• _DIRECTIONS FOR THIS TASK_:
Copy, word for word, the lines of the listing below from the line with "х В.400 мм.)." up to and including the line with "車內(nèi)設(shè)備". Drop the pictures.

• _ENTRIES SHOWN_:
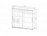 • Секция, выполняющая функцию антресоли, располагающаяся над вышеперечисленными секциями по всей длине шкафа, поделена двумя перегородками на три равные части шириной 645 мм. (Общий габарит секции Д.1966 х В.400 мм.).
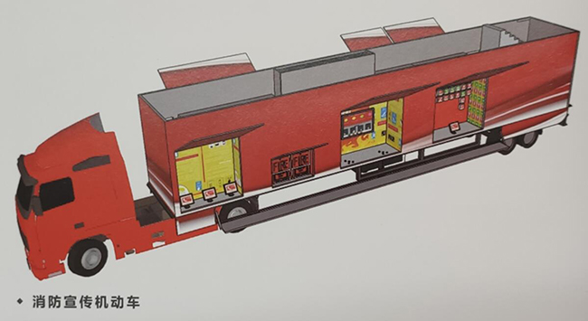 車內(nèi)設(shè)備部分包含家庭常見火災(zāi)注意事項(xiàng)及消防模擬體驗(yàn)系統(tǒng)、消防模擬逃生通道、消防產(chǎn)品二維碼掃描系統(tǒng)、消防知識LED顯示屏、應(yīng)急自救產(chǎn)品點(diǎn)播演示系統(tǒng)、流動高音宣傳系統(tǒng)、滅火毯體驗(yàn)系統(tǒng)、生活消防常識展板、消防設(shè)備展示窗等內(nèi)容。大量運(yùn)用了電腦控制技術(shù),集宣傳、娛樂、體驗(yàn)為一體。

---

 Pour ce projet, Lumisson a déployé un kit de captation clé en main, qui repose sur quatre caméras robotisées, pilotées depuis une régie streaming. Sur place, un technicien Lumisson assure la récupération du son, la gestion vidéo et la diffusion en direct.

• _RESPONSE TO THE EXERCISE_:
 • Секция, выполняющая функцию антресоли, располагающаяся над вышеперечисленными секциями по всей длине шкафа, поделена двумя перегородками на три равные части шириной 645 мм. (Общий габарит секции Д.1966 х В.400 мм.).
 車內(nèi)設(shè)備部分包含家庭常見火災(zāi)注意事項(xiàng)及消防模擬體驗(yàn)系統(tǒng)、消防模擬逃生通道、消防產(chǎn)品二維碼掃描系統(tǒng)、消防知識LED顯示屏、應(yīng)急自救產(chǎn)品點(diǎn)播演示系統(tǒng)、流動高音宣傳系統(tǒng)、滅火毯體驗(yàn)系統(tǒng)、生活消防常識展板、消防設(shè)備展示窗等內(nèi)容。大量運(yùn)用了電腦控制技術(shù),集宣傳、娛樂、體驗(yàn)為一體。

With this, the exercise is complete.